Я не всегда останавливался у Ронни, поскольку я не люблю злоупотреблять гостеприимством. Как-то для меня забронировали номер в «Феармайле», миленьком отельчике, где жили почти все игроки. Отель был переполнен, поэтому себе Пиви забронировал номер в Ньюбридже, он там часто останавливался раньше. Приехав, Пиви дал мужику, который управлял отелем, костюм – чтобы его почистили. Только «почистили» в итоге самого Пиви – исключительно по своей собственной вине, как всегда и бывало. Первую ночь мы с ним провели на ногах в «Феармайле», играя в карты. На вторую ночь мы нашли профессиональный игорный дом и зависли там. Потом, хоть мы валились с ног, а на следующий день было запланировано несколько снукерных матчей, мы снова поехали в паб Ронни Вуда. Мы играли в снукер круглые сутки, вставив в глаза спички, чтобы не заснуть. На пятый день Пиви вернулся в свой отель и утром перед своим снукерным матчем спросил: «Мой костюм готов?». После чего оделся и выскочил из гостиницы в мгновение ока.
В тот вечер мы вернулись в «Феармайл» после моего матча, и снова играли в карты. В последнее утро перед возвращением в Англию, Пиви метнулся в свой отель за чемоданом и был поражен, когда ему вручили счет на 120 фунтов. «Вы не можете предъявить мне счет на такую сумму, я оставался у вас лишь одну ночь и ни разу не завтракал!» – запротестовал он.
«У нас от клиентов не было отбоя, – настаивала владелица. – Мы могли бы сдать вашу комнату три раза, если бы клиенты знали, что вас нет».
Вокруг не было ни малейшего признака других гостей, а когда Пиви украдкой бросил взгляд на регистрационный журнал, оказалось, что в нем пусто. Но хозяева лишь пожали плечами в ответ.
Когда мы уже собирались отправиться домой в Англию, каким-то непонятным образом мы очутились отеле «Бернс» прямо в разгаре Irish musical awards. Мы немного посидели в баре. Шум вокруг становился все громче и вскоре я вышел, решив позаимствовать один из лимузинов на стоянке. Неторопливо подойдя к водителю, я спросил: «Привет, приятель, можешь подбросить нас назад к отелю?». Я понятия не имел, что я нес, так как мы уже выписались из гостиницы, и не представлял, куда мы поедем, но в тот момент идея казалась хорошей.
«Ну, у меня есть полчаса свободного времени, – ответил водитель. Этот приятный молодой человек в форменном кепи, который бродил рядом с машиной, выглядел скучающим до смерти.
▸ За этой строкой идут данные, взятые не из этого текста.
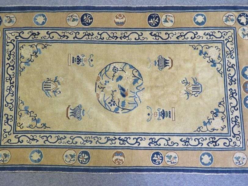 Tapis rectangulaire en laine à décor en camaïeu de bleu et rehauts vert et brun sur fond beige, centré d'un médaillon floral entouré d'objets mobiliers, le pourtour souligné de rinceaux et médaillons.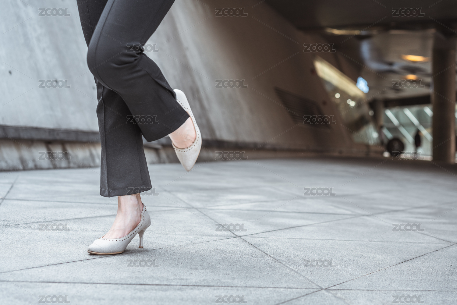 亚洲办公室女郎走在在阳光好日子楼梯,手持智能手机,并准备上去了公司办公室外。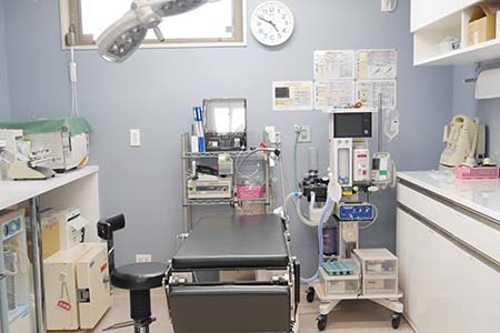 電気メスや超音波メス、半導体レーザーなど、各種手術機器を完備し、できるだけ負担の少ない手術を行っています。手術に用いる器具はオートクレーブとガス滅菌機を用いて常に無菌状態にしており、患者の体や術者には使い捨てのドレープ・ガウンを用いて感染対策を徹底しています。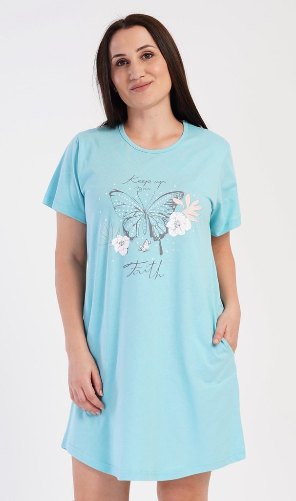 Dámské bavlněné domácí šaty s krátkým rukávem Motýl. Domácí šaty s kulatým výstřihem a kapsami mají na hrudi obrázek motýla a nápis 'Keep up your faith'. Použitý bavlněný materiál je příjemný a poddajný na dotek. Šaty jsou pohodlné, využijete je téměř při všech volnočasových aktivitách. Jsou vhodné na spaní i na denní nošení.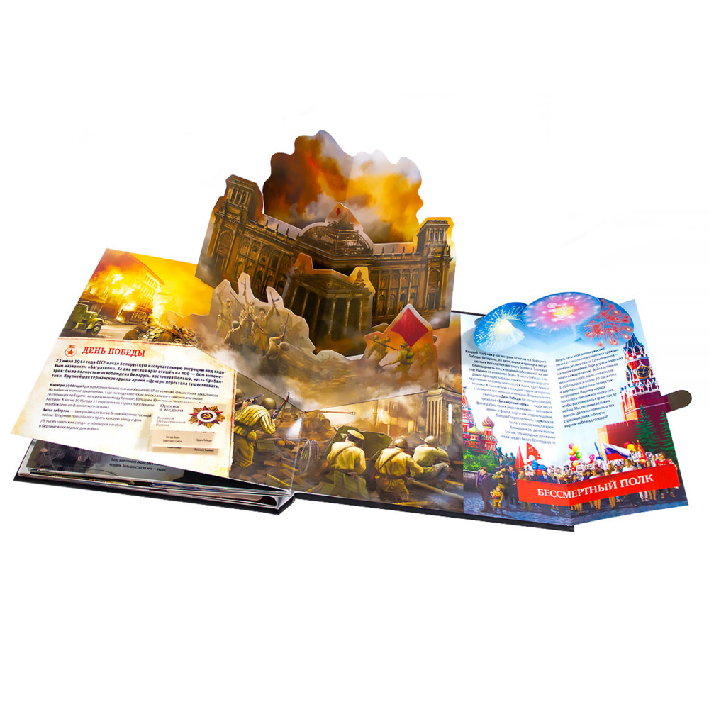 Уникальная интерактивная энциклопедия, посвященная великой отечественной войне. История оживет благодаря объемным pop-up конструкциям и реалистичным иллюстрациям техники и вооружения на каждом развороте. Открывай окошки, изучай карты сражений, читай дополнительные брошюры и карточки. Погрузись в мир исторических событий вместе с интерактивной энциклопедией "Великая Отечественная война"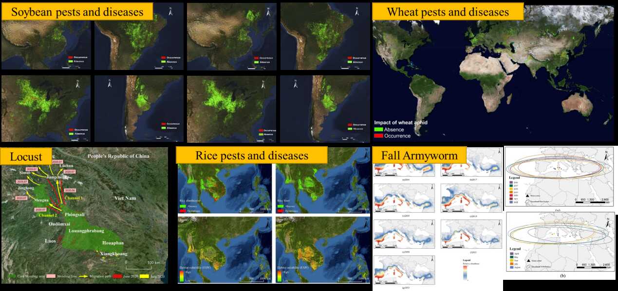 The team led by Dr. Huang Wenjiang at the Aerospace Information Research Institute, Chinese Academy of Sciences, has been addressing the significant global need for monitoring, forecasting, and controlling vegetation diseases and pests. They have conducted research on monitoring and forecasting methods for vegetation diseases and pests based on high temporal and spatial resolution remote sensing data. The team has developed the Vegetation Pest and Disease Remote Sensing Monitoring and Forecasting System. Moreover, they have produced specialized maps and scientific reports in both Chinese and English for major diseases and pests affecting key crops such as wheat, rice, corn, and soybeans, covering 38 countries worldwide. Their work has enhanced the efficiency of disease and pest monitoring, improved the accuracy of monitoring and forecasting, and increased the continuity and effectiveness of their products and services. Through deep collaboration with government departments and international organizations, the team has facilitated the global implementation of their system and products in key countries and regions. Their achievements have been cited and adopted over 200 times by international organizations such as the Food and Agriculture Organization of the United Nations (FAO), the Global Biodiversity Information Facility (GBIF), and CAB International (CABI). Additionally, government departments and institutions such as the Italian National Research Council, the UK's Newton Fund, Agriculture and Agri-Food Canada, the Ethiopian Space Science Society, the Chinese Disaster Prevention Working Group in Pakistan, and Pakistan's PMAS-Arid Agriculture University have utilized these results. The team has promoted the application of remote sensing monitoring and forecasting technology for diseases and pests in countries including Kenya, Somalia, Yemen, Ethiopia, Pakistan, India, and Nepal, supporting the scientific control of over 20 million hectares (approximately 300 million mu). This has effectively supported the scientific control of diseases and pests, ensuring food security and regional stability.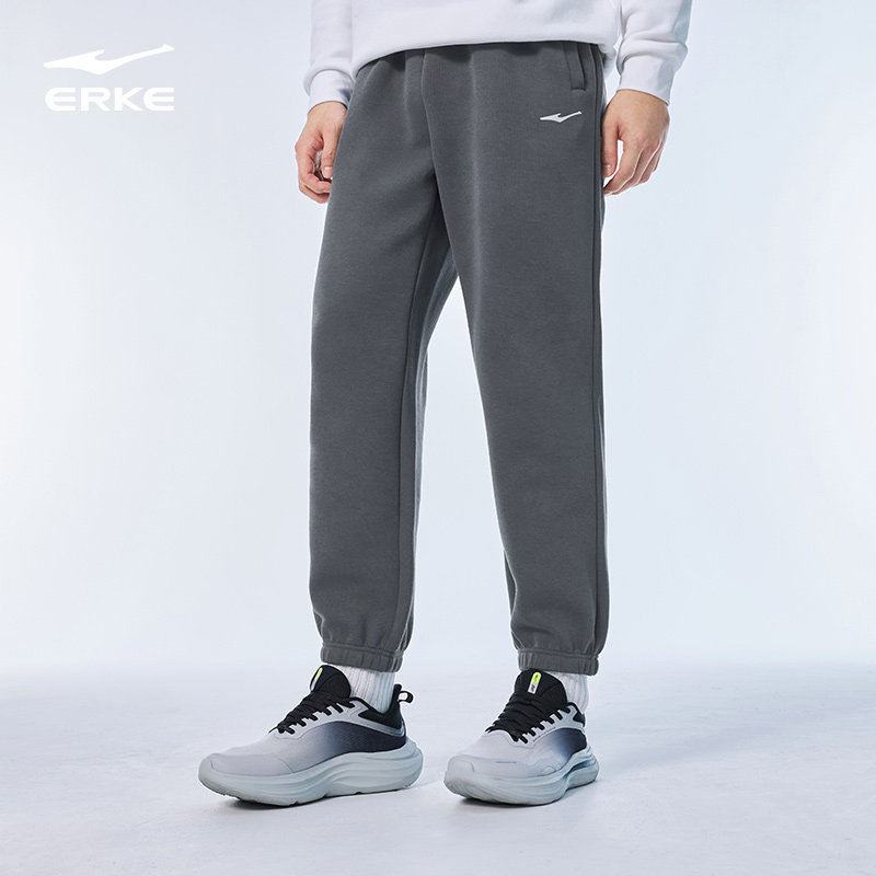 鸿星尔克裤子男秋季新款男士灰色针织运动裤男生休闲长裤透气卫裤
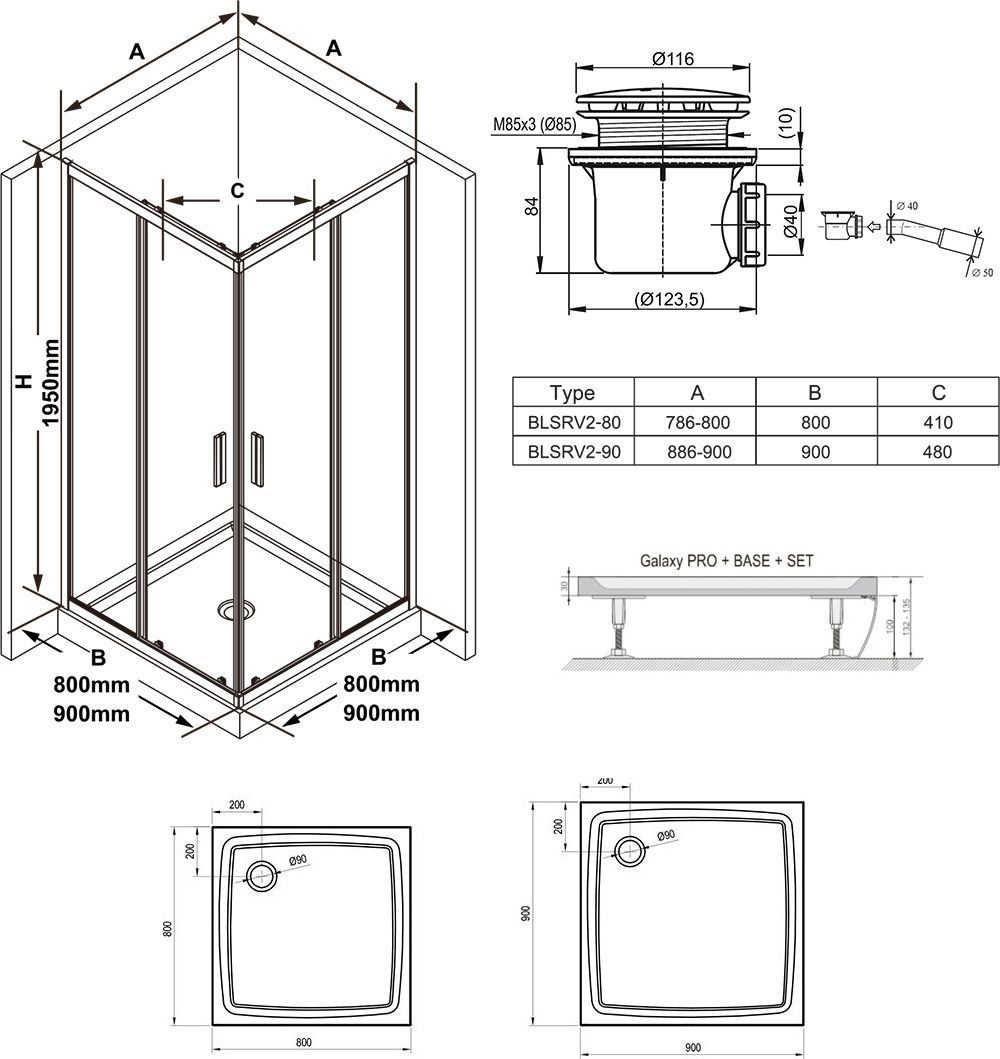 Ravak dušikomplekt sisaldab Blix Slim nurgadušinurka koos dušialuse, tugikonstruktsiooni, esipaneeli ja sifooniga.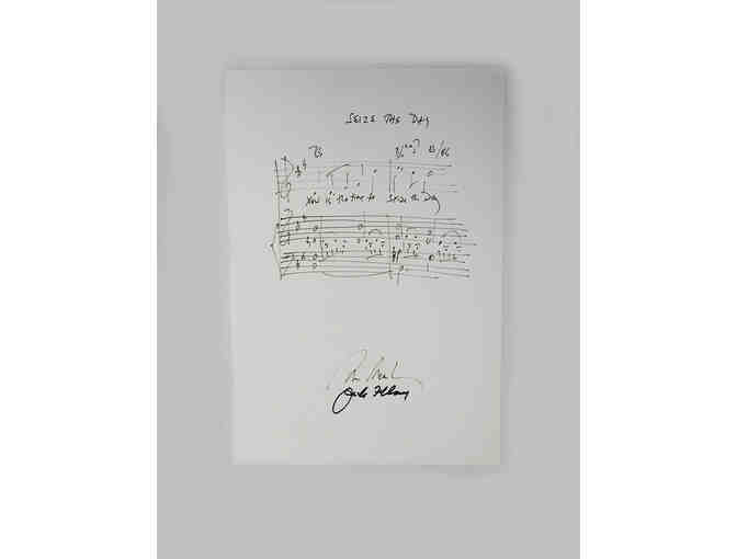 Now is the time to seize the day and bid on this handwritten musical phrase from Newsies. The phrase is from the iconic song Seize the Day and has been signed by Alan Menken and Jack Feldman.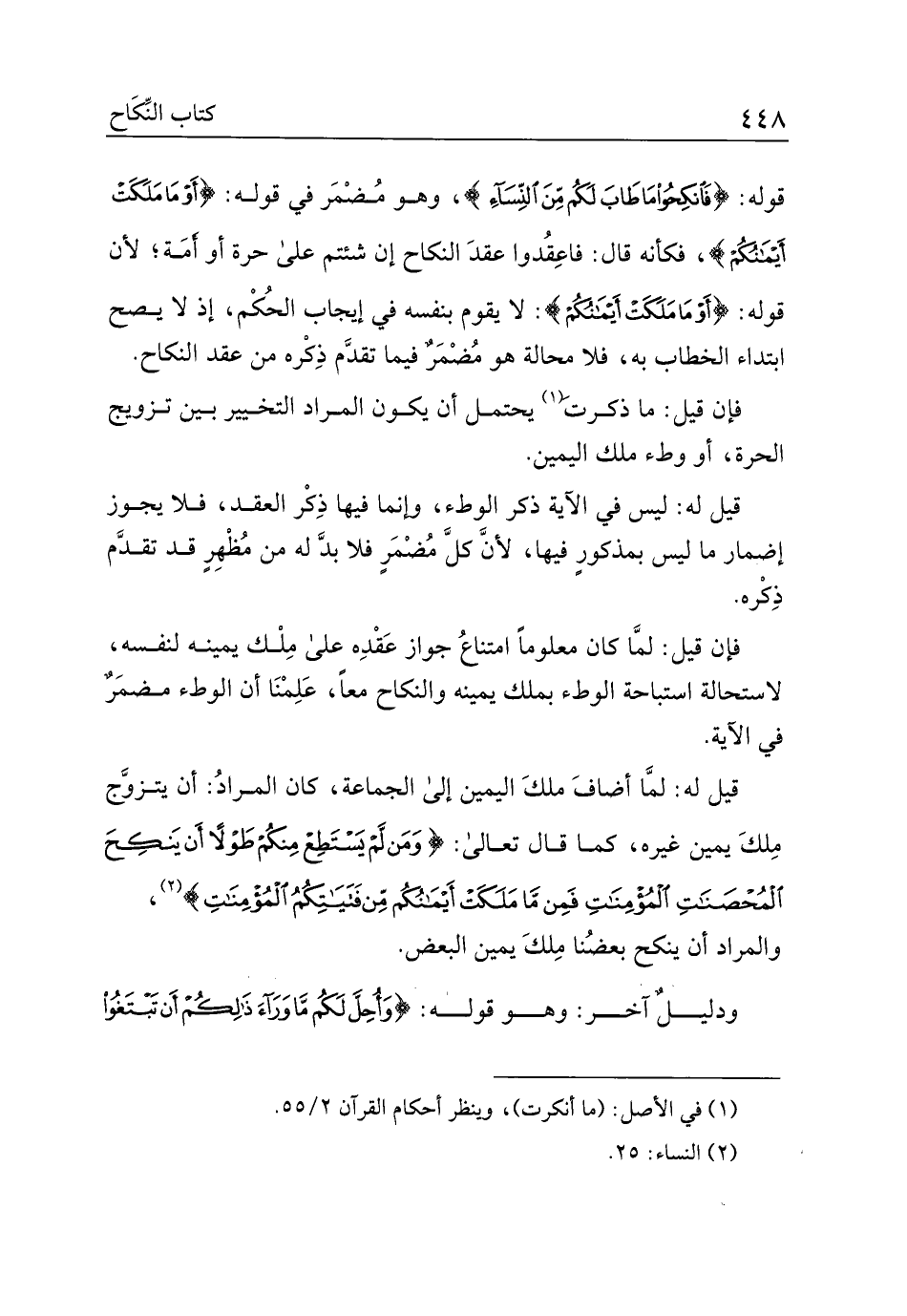 قوله: {فانكحوا ما طاب لكم من النساء}، وهو مضمر في قوله: {أو ما ملكت أيمانكم}، فكأنه فال: فاعقدوا عقد النكاح إن شئتم على حرة أو أمة؛ لأن قوله: {أو ملكت أيمانكم}: لا يقوم بنفسه في إيجاب الحكم، إذ لا يصح ابتداء الخطاب به، فلا محالة هو مضمر فيما تقدم ذكره من عقد النكاح.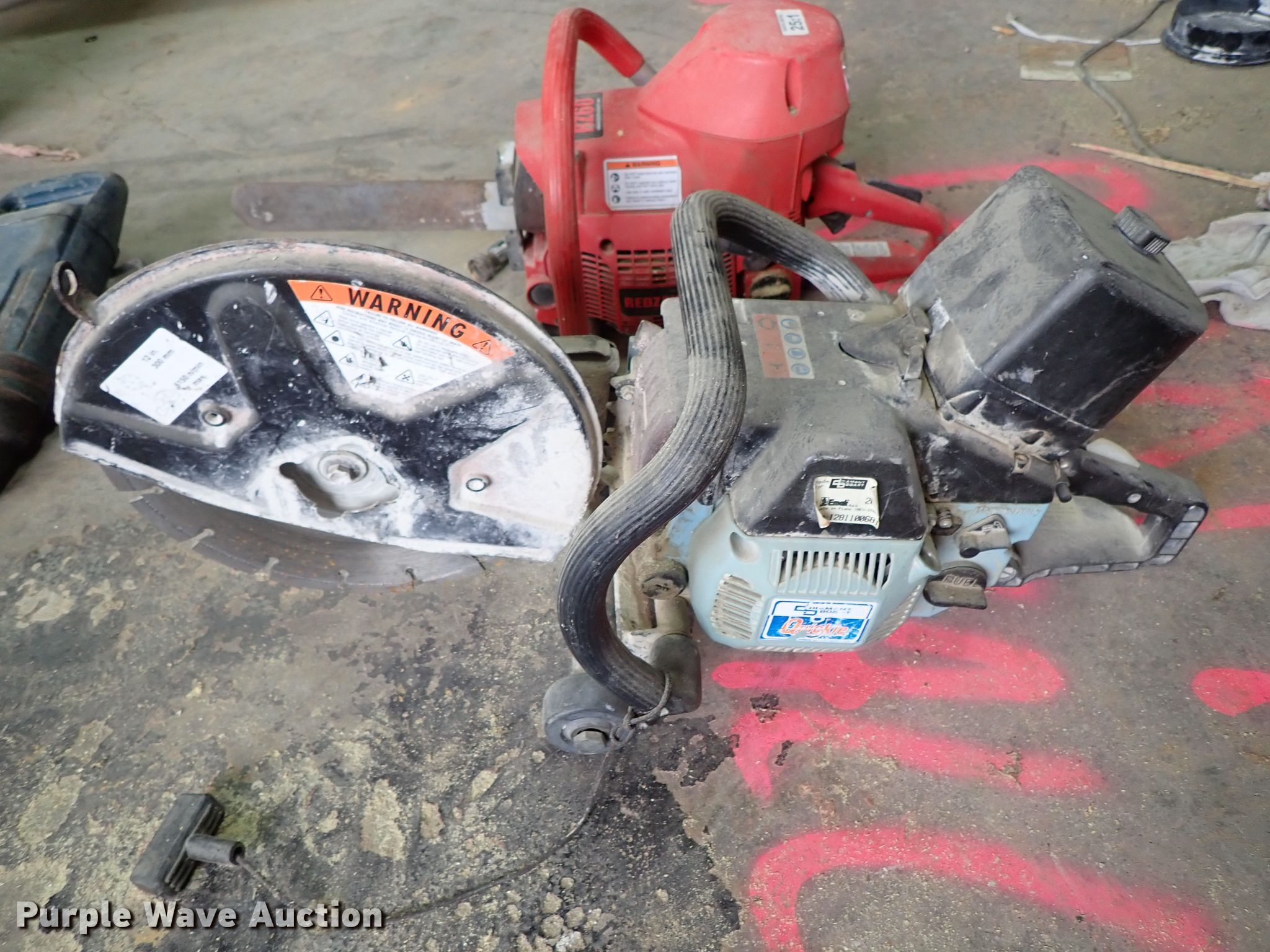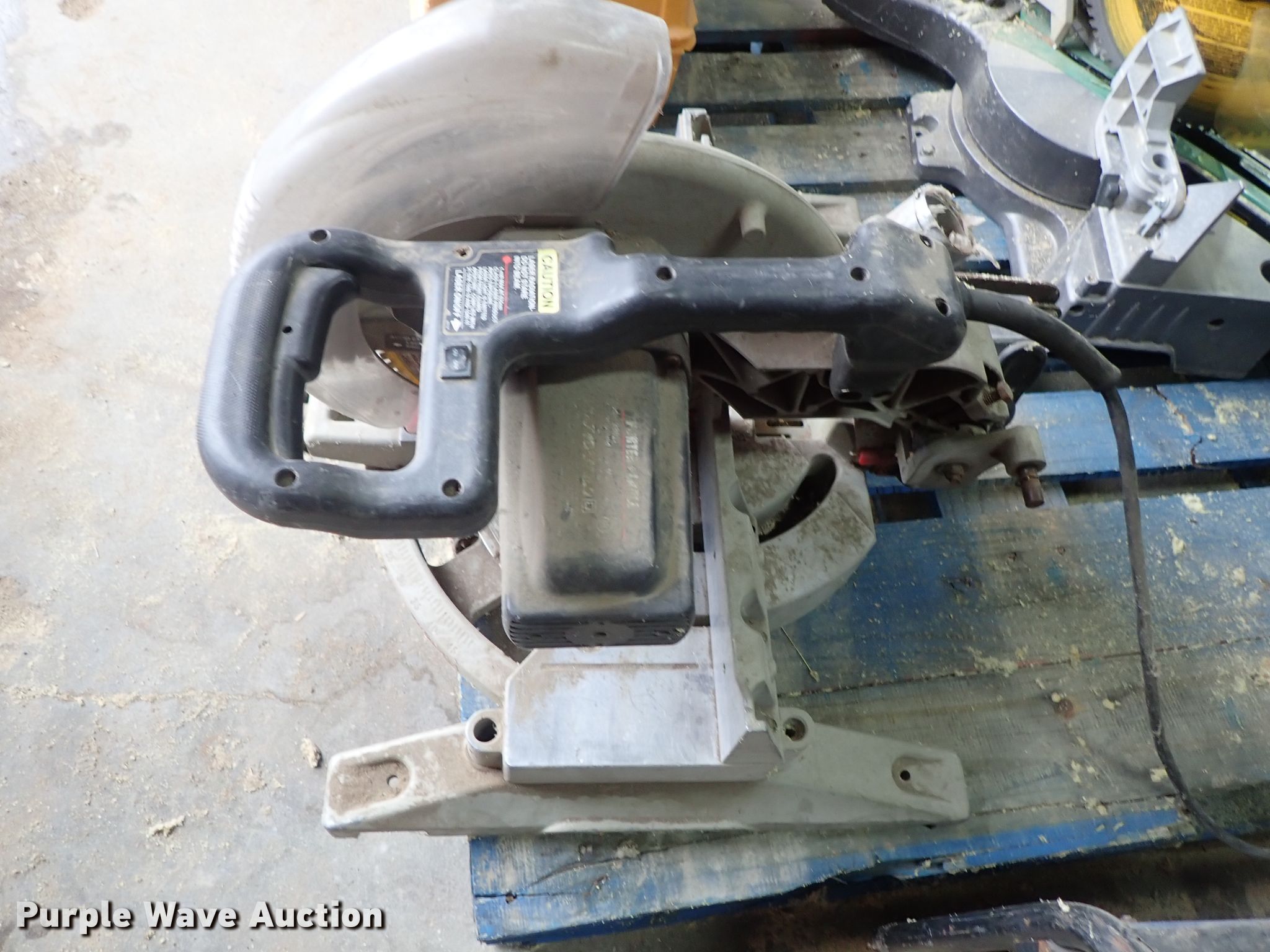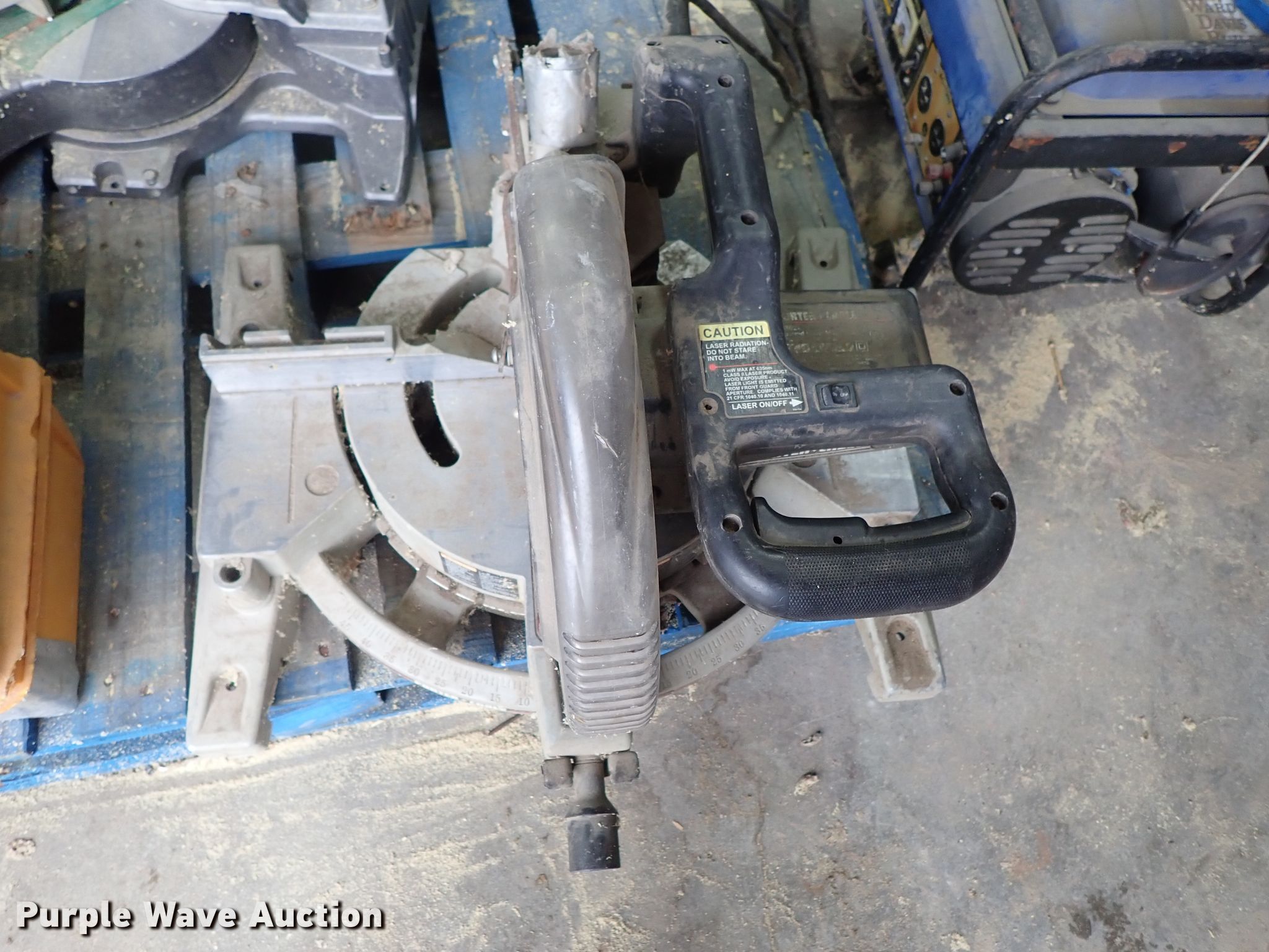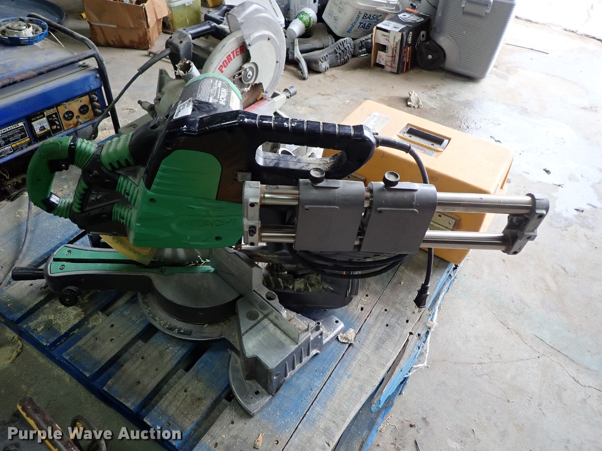Purple Wave is selling a used Tools in Kansas. This item is a Tools with the following: Hitachi miter saw, 12", Porter miter saw, 12", Laser Plane 200 laser level, Unknown operating condition, Generator, Gas engine, Unknown operating condition, Cut-off saw, Unknown operating condition, Chainsaw, Unknown operating condition, Bosch 11227E hammer drill, Unknown operating condition, DeWalt compressor, Unknown operating condition, Saw blades

«Спасибо. – Пиви и еще пара ребят забрались в салон, и я спросил: – Кстати, а чья это тачка?»
«А-ХА», – ответил водитель. Я подумал, что он имел в виду что-то вроде «Аха, сам догадайся». Но он говорил о группе с таким названием. Я запрыгнул на переднее сиденье рядом с водителем, мои приятели назад. Кузов был, наверное, длиной в милю, с затемненными окнами, и снаружи и внутри – чистое совершенство. И вот мы медленно тронулись, по направлению к каким-то большим воротам. Внезапно нас окружила тысяча визжащих фанатов. Они не знали, кто мы, но думали, что какие-то звезды, поэтому вопили все равно.
В общем, на этой волне мы оказались на церемонии. Я узнал Криса де Бура и еще кого-то. Но большую часть времени я спрашивал у других: «Кто это? А это? А то?». Мерцали вспышки, фанаты кричали.
Это было весело, но в следующем году вышло еще лучше. Я удержал свой титул и заработал 20000 фунтов благодаря победе над Вилли Торном 9:5 и отпраздновал это в крохотном пабе с отцом. Мы травили с местными бесконечные байки. Час проходил за часом, понятное дело, кто-то валился под стол, кто-то засыпал возле очага, рядом с домашней свинкой, но выпивка продолжала литься рекой, а историям не было ни конца, ни края.
Когда мы возвращались назад в Фишгард на лодке, папа все рассказывал анекдоты. Он умел это как никто. Вот это было настоящее веселье!
* Питер Эдвард Кук — британский актёр, сценарист, артист разговорного жанра.
**Desert Orchid (Орхидея пустыни) – известный как Десси, беговая лошадь, безумно любимая фанатами скачек за свой стиль бега. считается одной из величайших лошадей всех времен.